Asked early in the week whether Michigan would enjoy any advantage whatsoever over the Buckeyes, Schembechler said there was one—the fact that Michigan was the home team.

“Ohio State can only come in here with 44 palyers,” said the coach, “and some of those good players are going to be left behind.”

Rex Kern, Jim Otis, Jack Tatum, Larry Zelina, Jim Stillwagon—those are just some of the names which have become household words this fall and last as Ohio State has rolled to 22 straight victories and 17 straight conference triumphs.

Ted Provost, Tim Anderson, Doug Adams, Leo Hayden, Bruce Jankowski, Jan White, Mark Debevic, Dick Whitfield, Mike Sensibaugh—those are other outstanding Buckeyes who have helped establish an 8-0 overall record and a 6-0 mark in the league this season.

Michigan stands 7-2 and 5-1.

Tomorrow’s contest, which will start at 1:15 p.m. instead of 1:30 p.m. to make sure there’s enough light through the fourth quarter, will be another historic confrontation of teacher-student.

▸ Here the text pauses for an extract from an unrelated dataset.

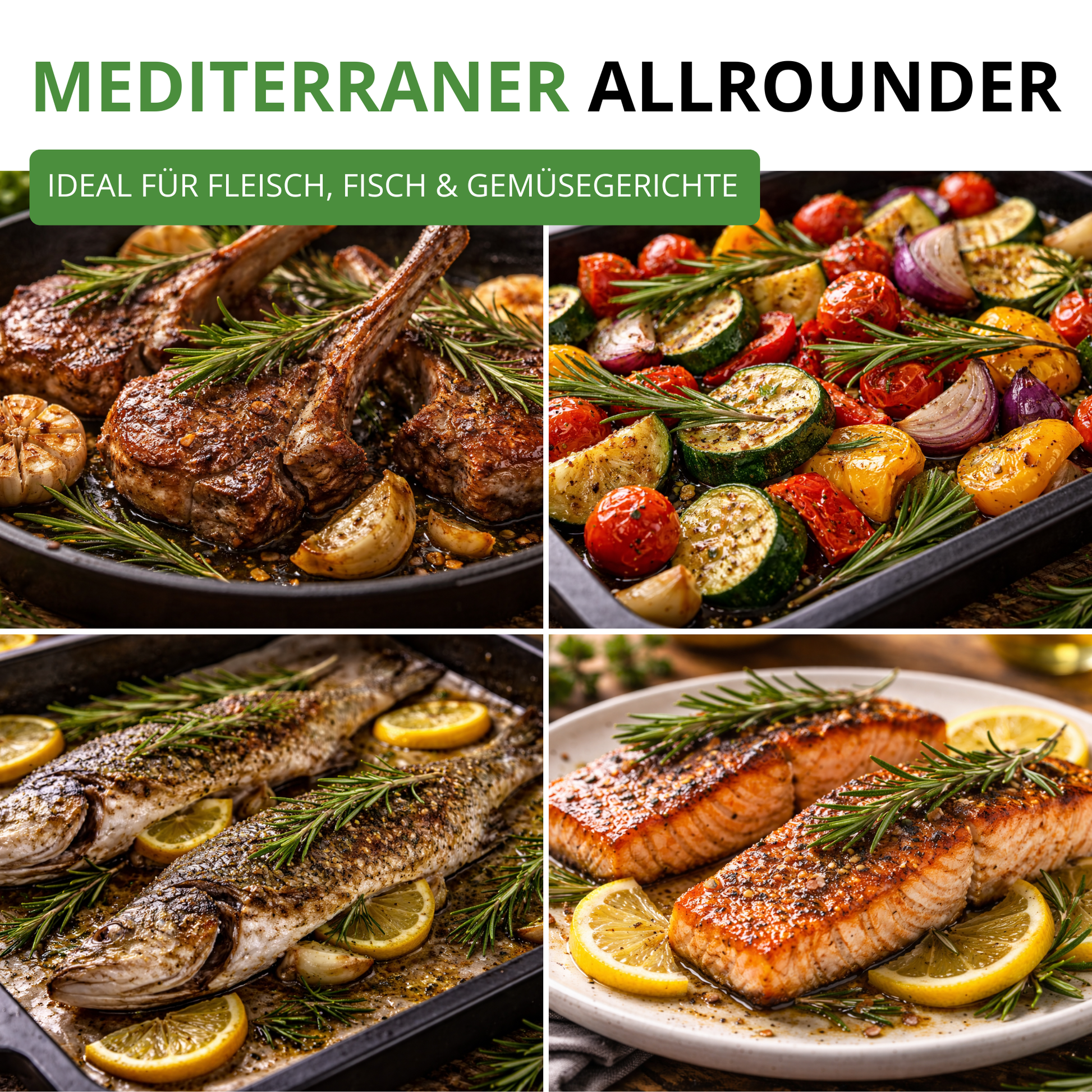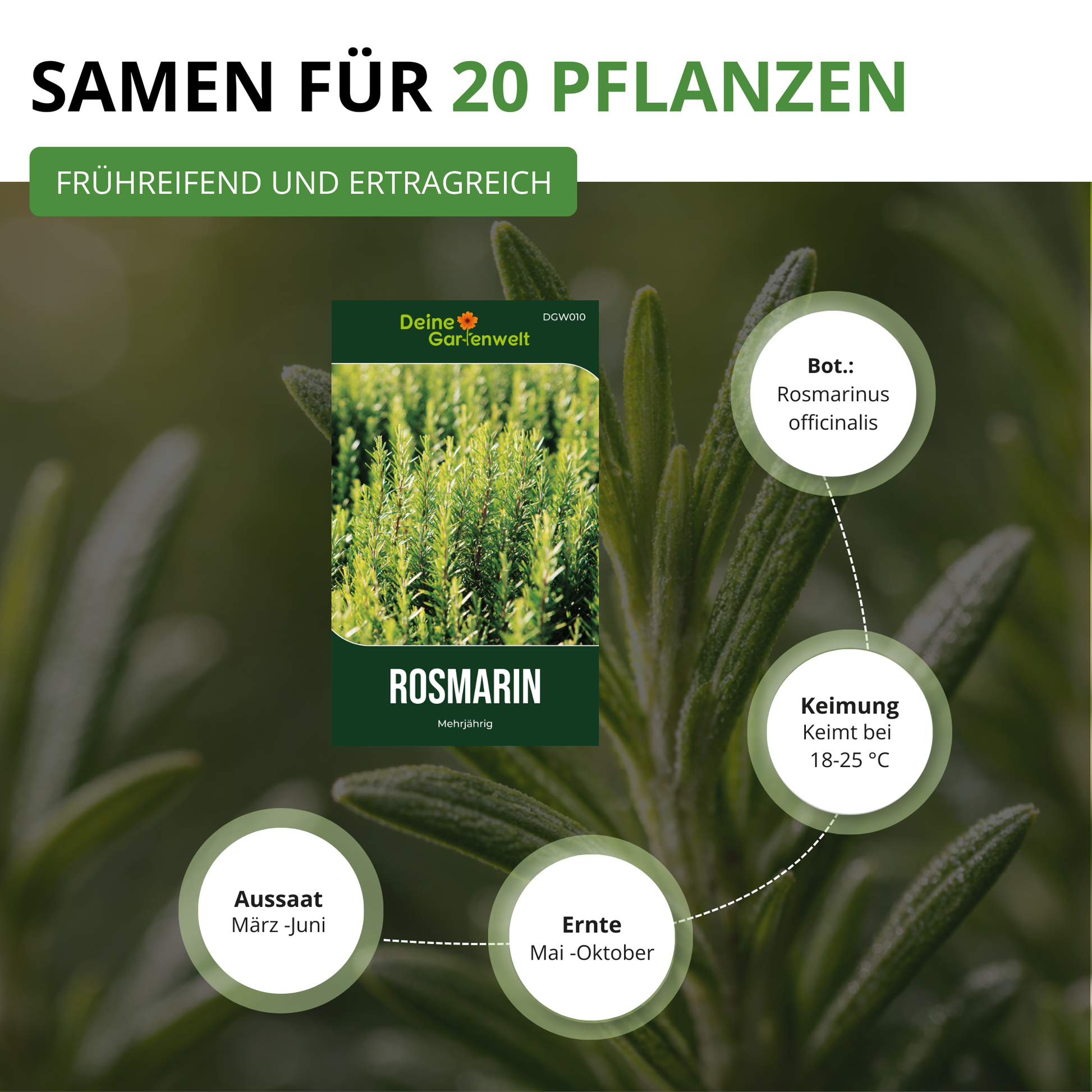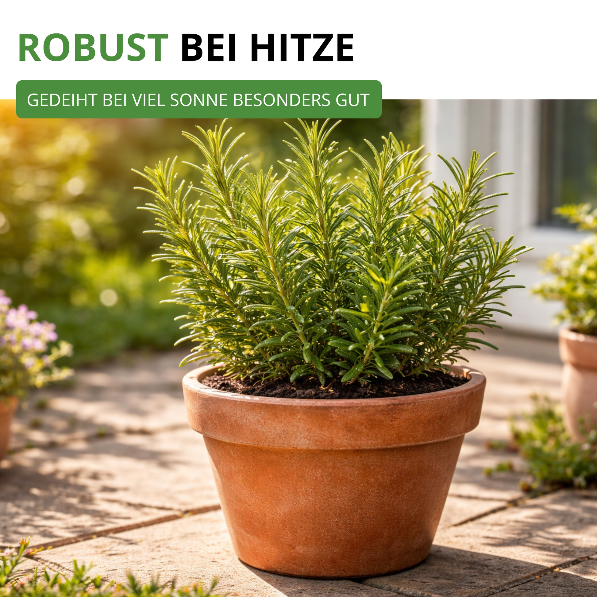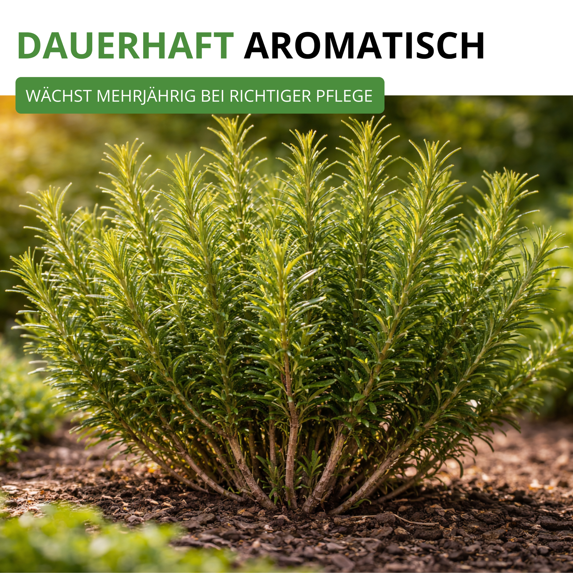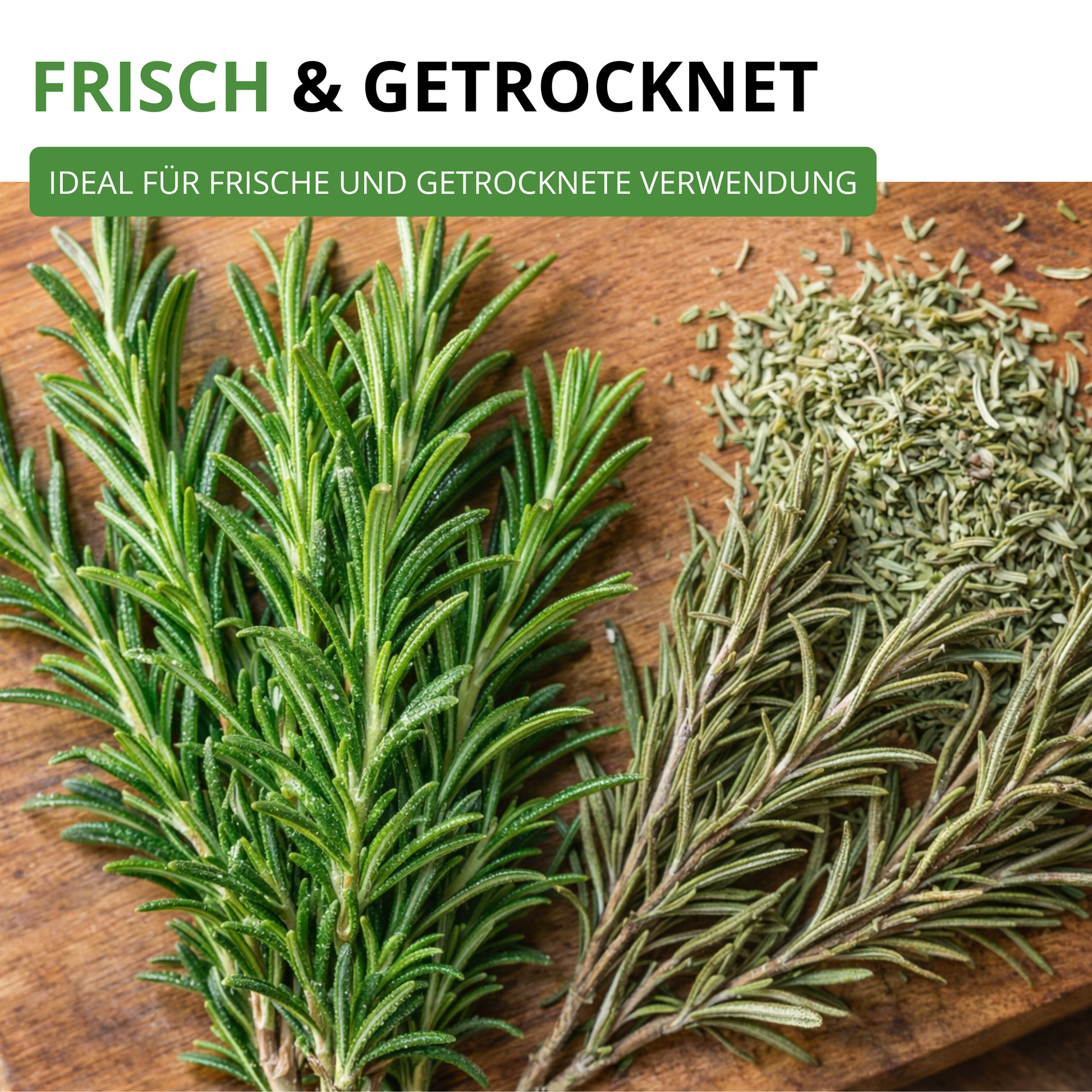 Mehrjähriger Rosmarin mit nadelförmigen Blättern und sehr aromatischem Eigengeschmack. Verwendung frisch oder getrocknet, überwiegend in der mediterranen Küche.

The 39-year-old Schembechler played for Hayes, 53, at Miami of Ohio and was reunited with Hayes at Ohio State, serving five seasons as a top lieutenant for one of the foremost football generals of all time.

Now the two meet as opposing coaches for the first time.

Four of the Michigan starters on offense—tight end Jim Mandich, tackle Jack Harpring, tackle Dan Dierdorf are from Ohio. The four on defense are linebacker Marty Huff, rover Tom Darden and halfbacks Brian Healy and Tom Curtis.

Mandich, Healy and Curtis are seniors along with offensive guards Bob Baumgartner and Dick Caldarazzo, fullback Garvie Craw, wingback John Gabler, defensive back Barry Pierson, defensive end Cecil Pryor, and middle guard Henry Hill.

PHOTO CAPTION: Now, Go Blue!: Michigan football players, surrounded by snow, limber up on the Tartan Turf practice area at Ferry Field. The snow had to be pushed to the sides in order for the Wolverines to work out.